Shechtman was described in the report as 5 feet 4 inches tall, 124 pounds with brown hair and brown eyes.

He was charged with possession of a sawed-off shotgun and possession of a needle and syringe.

The legal weapons that Shechtman owned, according to the police report, included: an AK-47 rifle, two .22-caliber rifles, a .44-magnum semi-automatic pistol, a bow and arrow, knives and kung fu weapons.

An aunt helped him find a lawyer, Kurt M. Hayes, of Attleboro.

Contacted last night, Hayes was shocked to hear about his former client: "He was a nice guy, a normal kid. . . . God, you hear about these things and never think you're going to know someone. He was always a nice young man."

Hayes characterized the syringe and weapons charge as "a stupid thing."

The illegal shotgun he was charged with possessing "wasn't even his," Hayes said. "It happened to be in his room."

"I've got to call his aunt," he added, still reeling from the news. "He was a very nice young man. I would never . . . it's just terrible."

Shechtman pleaded no contest to possession of the shotgun and syringes, and was sentenced to five years of probation.

It appears that the possession of fireworks charges were expunged last May.

CHESTER ALLEN has lived on Kate Downing Road in Plainfield for 25 years and knows just about everyone on the country lane, where new homes are springing up in the oaks and old farm fields.

Allen said Shectman moved there about two years ago and seemed friendly enough, always waving when they passed each other on the road.

"Last weekend it looked like they were having a yard sale down there," he said yesterday as he walked his dog. "This is just unbelievable."

Across the street, Melissa A. Hall, 33, of 73 Kate Downing Rd., said she had sold Shechtman the two-story home in August 2002 and that the alleged victim had been a new face in the neighborhood.

"They weren't together too long, maybe only a couple of weeks," Hall said from the front entrance of her home.

Another woman had lived with Shechtman before, but had moved out, she said.

"He bought the house with another girl," Hall said.

She said there weren't any signs of trouble.

"We drove by there last night on the way from my sister's house and we didn't see anything fishy."
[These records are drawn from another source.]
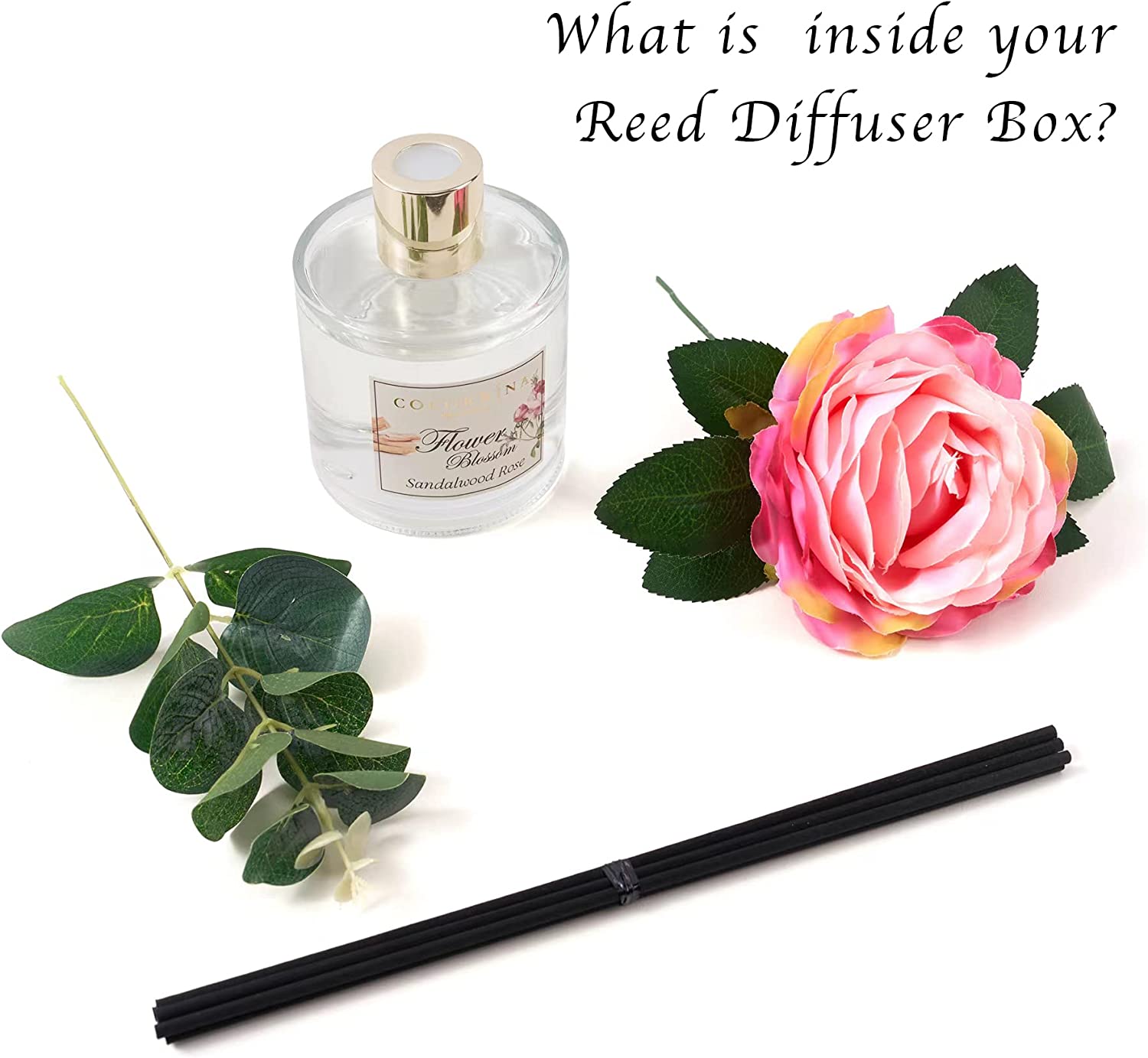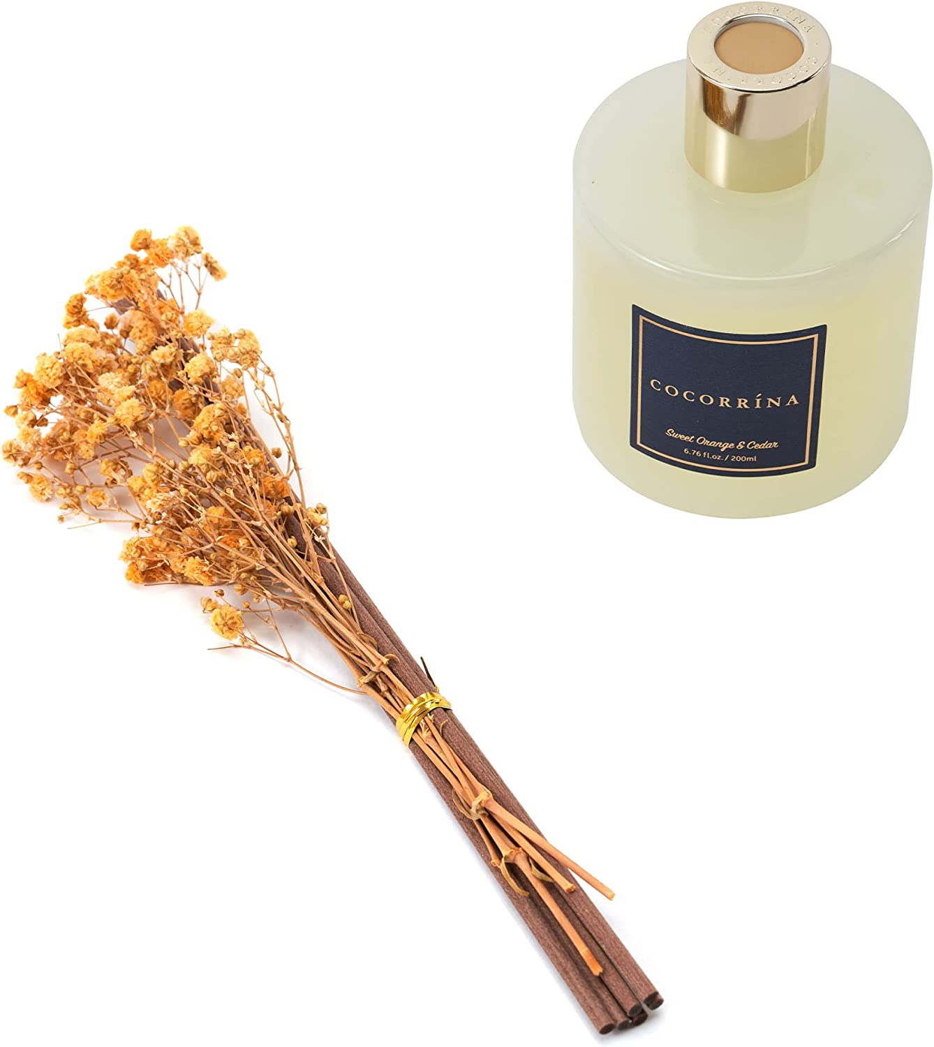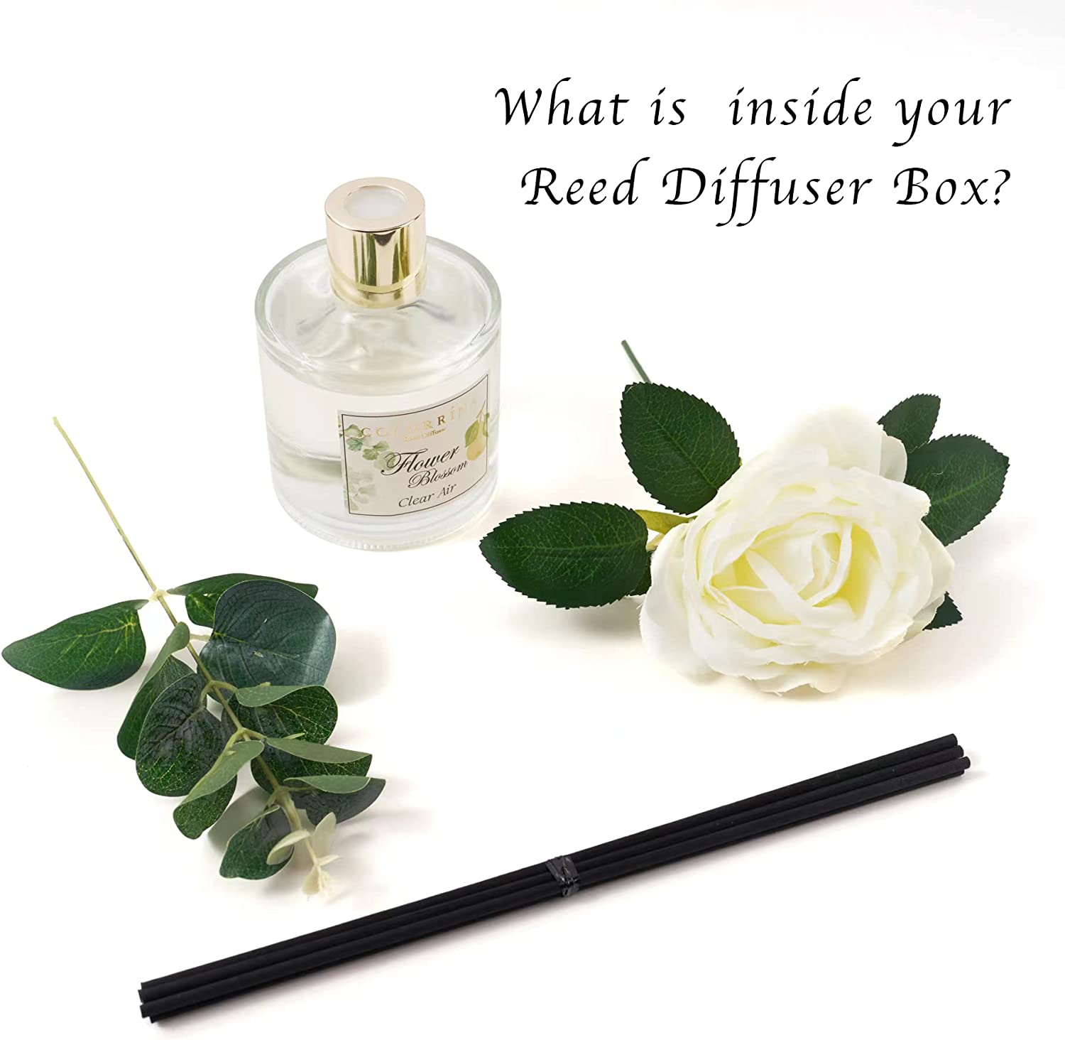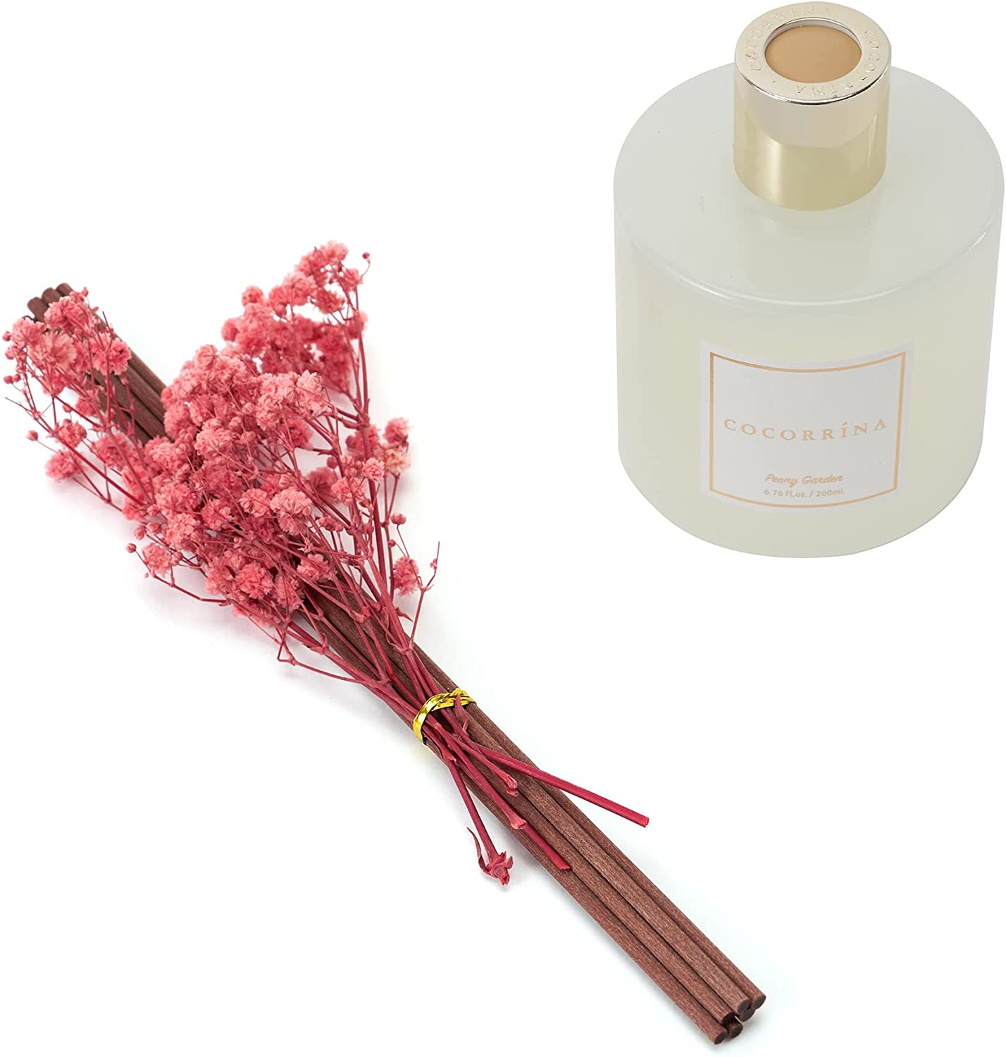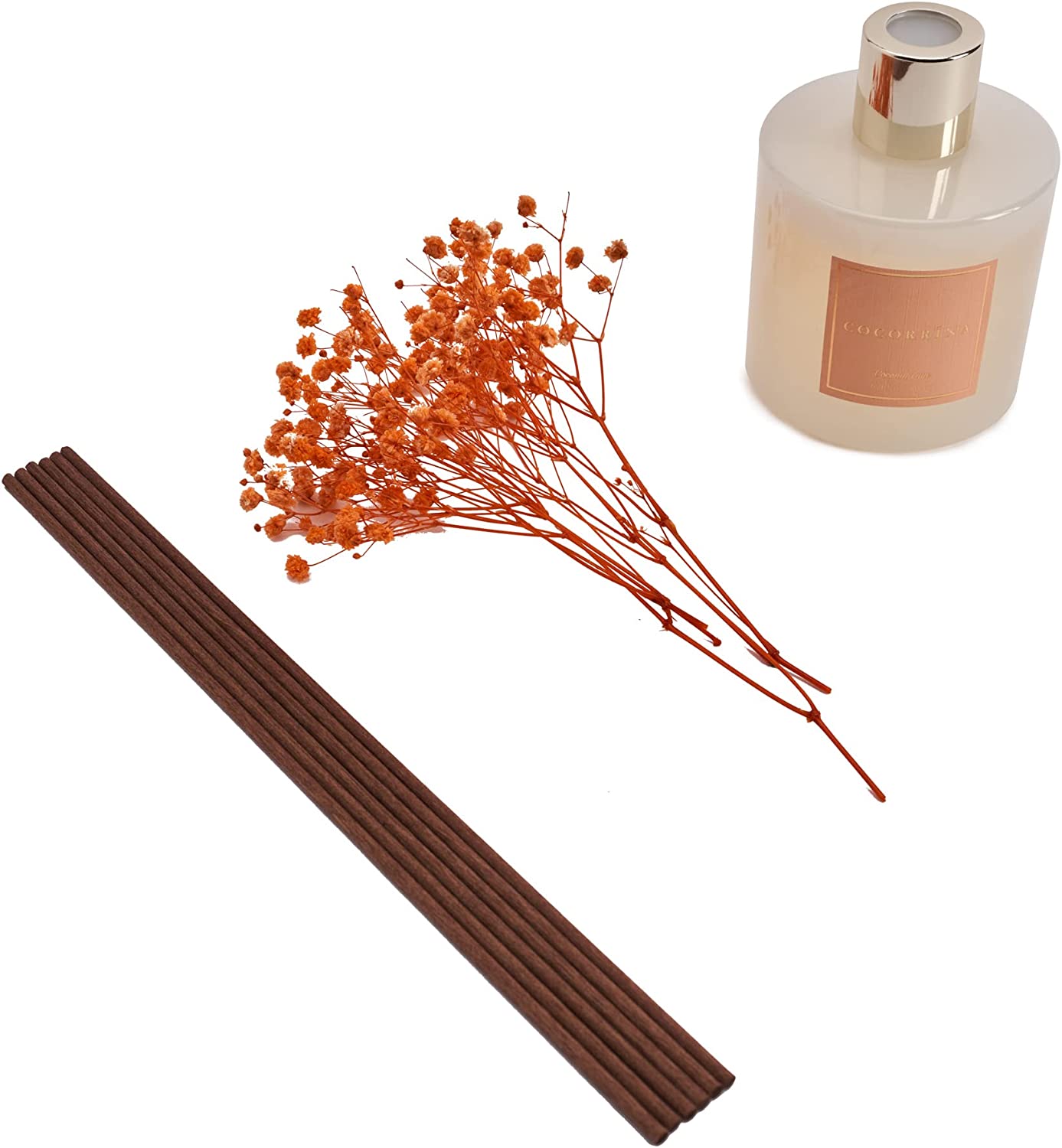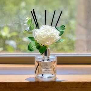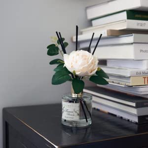 • Includes: One fragrance diffuser glass bottle, 6.7 fl oz mixture of essential oils combined with fragrance, one pc. of real preserved baby's breath flowers, and six pure cotton sticks. Adjust the amount of aroma released by adding or removing the sticks.
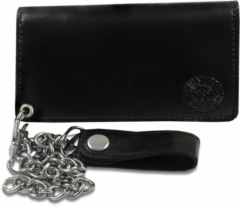 Each of our premium Biker Chain Wallets are made of 100% genuine leather and includes a 17″ steel chain that easily clips to any belt loop. This Biker Style Chain wallet has heavy duty steel buttons to keep the wallet snapped shut. The inside compartment features 2 large bill and currency compartments that do not fold your money, keeping your money neat and organized. A separate coin compartment has a zipper top and doubles to hold your license, credit cards and other small documents such as registrations, permits and receipts. This wallet measures 6″ x 3 1/2″.
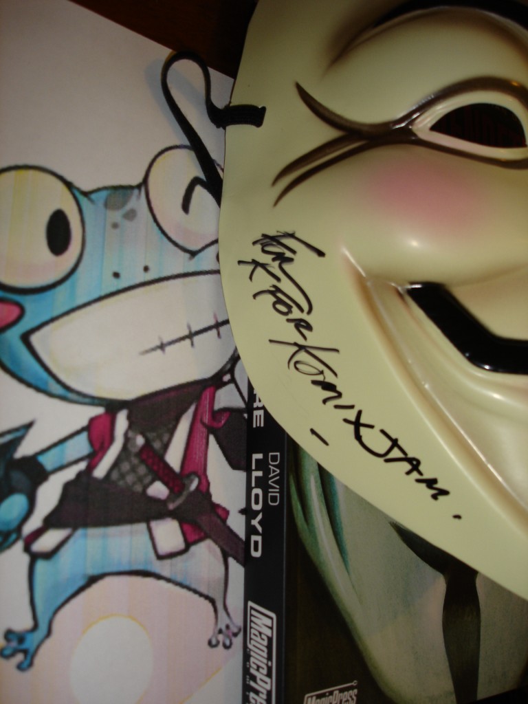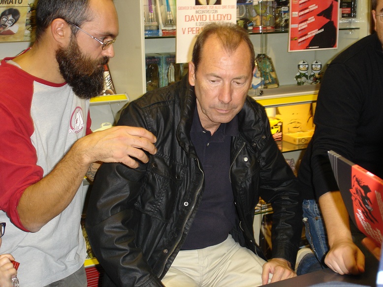 Per prima cosa ci tengo a ringraziare la Biblioteca delle Nuvole e David Grohmann, la prima è un’associazione culturale di Perugia e il secondo è uno dei suoi membri che si è gentilmente prestato a farci da interprete con David Lloyd; oltre a loro ovviamente rinnovo i ringraziamenti alla Star Shop di Perugia e alla Nicola Pesce Editore.
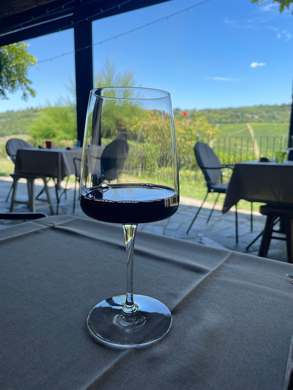 実は、この昼食には真の主役がいる。懐かしい料理たちをひとつにまとめるメインは「ルケ」だ。ウェイターが僕たちのグラスに注いでくれたルケは、ルビーのような深い色合いで、紫がかった反射のあるワイン。これは日常のワインではないと、僕は知っていた。この土地の本質そのものを凝縮したワインだ。
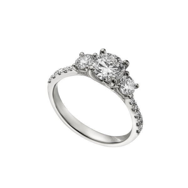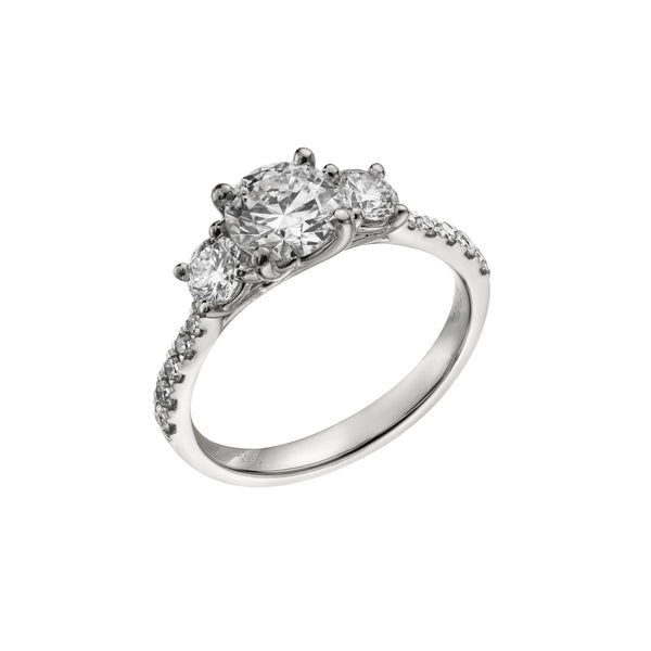 Platinum Round Cut Diamond Three Stone Ring, 1.65ct
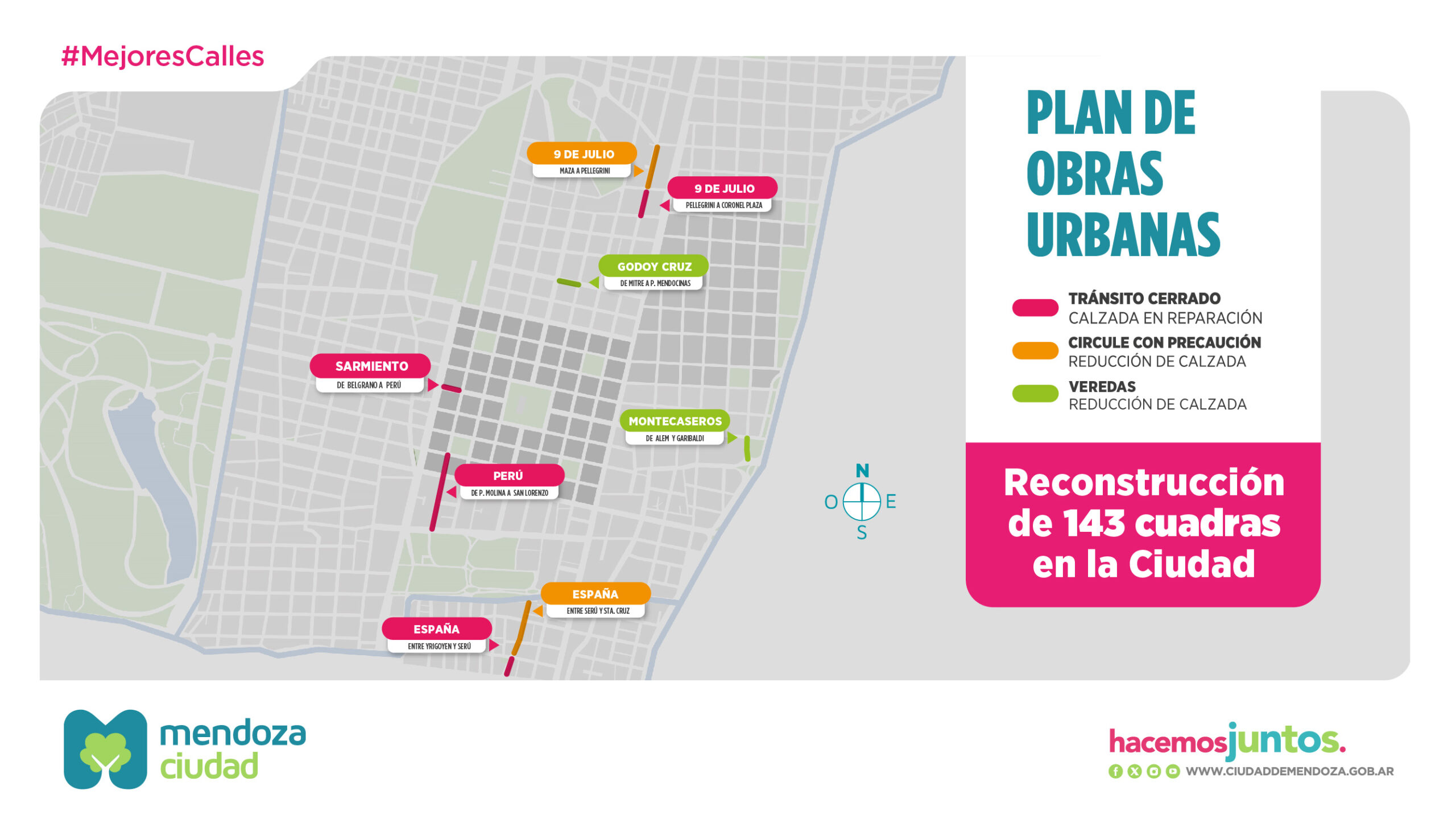 Estos importantes trabajos se relacionan con la reconstrucción de calles en asfalto en diferentes seccionales, en torno a un destacado Plan de Obras Urbanas. La renovación está organizada en tres cuadrantes que incluyen la Primera, Segunda, Tercera, Cuarta, Quinta y Sexta Sección, así como también se prevén sectores del microcentro.

She said Shechtman would wave to her on the street. She was shocked by the news.

"For an area like this, it is a big deal," she said.

Yesterday afternoon, yellow police tape circled Shechtman's property as state police crime scene detectives, wearing white shirts and blue plastic gloves, searched the piles of trash left at the end of the driveway and the cluttered two-car garage.

"It's a difficult scene for all the investigators," said Vance, the Connecticut State Police spokesman.

Vance said he didn't know where on the second floor the woman's headless body was found.

No suicide note was found in the house.

Vance said Shechtman and the murdered woman were known to the local police department. The police had "provided some guidance into concerns that they had."

But Vance said the police interaction wasn't related to domestic violence; there were no 911 calls ever made from the house.

Vance wouldn't elaborate.

Shechtman's house sits on a large wooded lot, with a wooden shed that backs up to a stone wall, separating his property from a neighbor who runs a dog-grooming business.

Kathy, who wouldn't give her last name, said she often saw Shechtman and a young woman outside working in the yard. They would wave to her from the other side of the stone wall.

"He would ride a tractor and she would be in the back [of the tractor]. They seemed happy. In fact, I would joke with my husband and say, why don't you give me a tractor ride."

She shook her head: "This is creepy."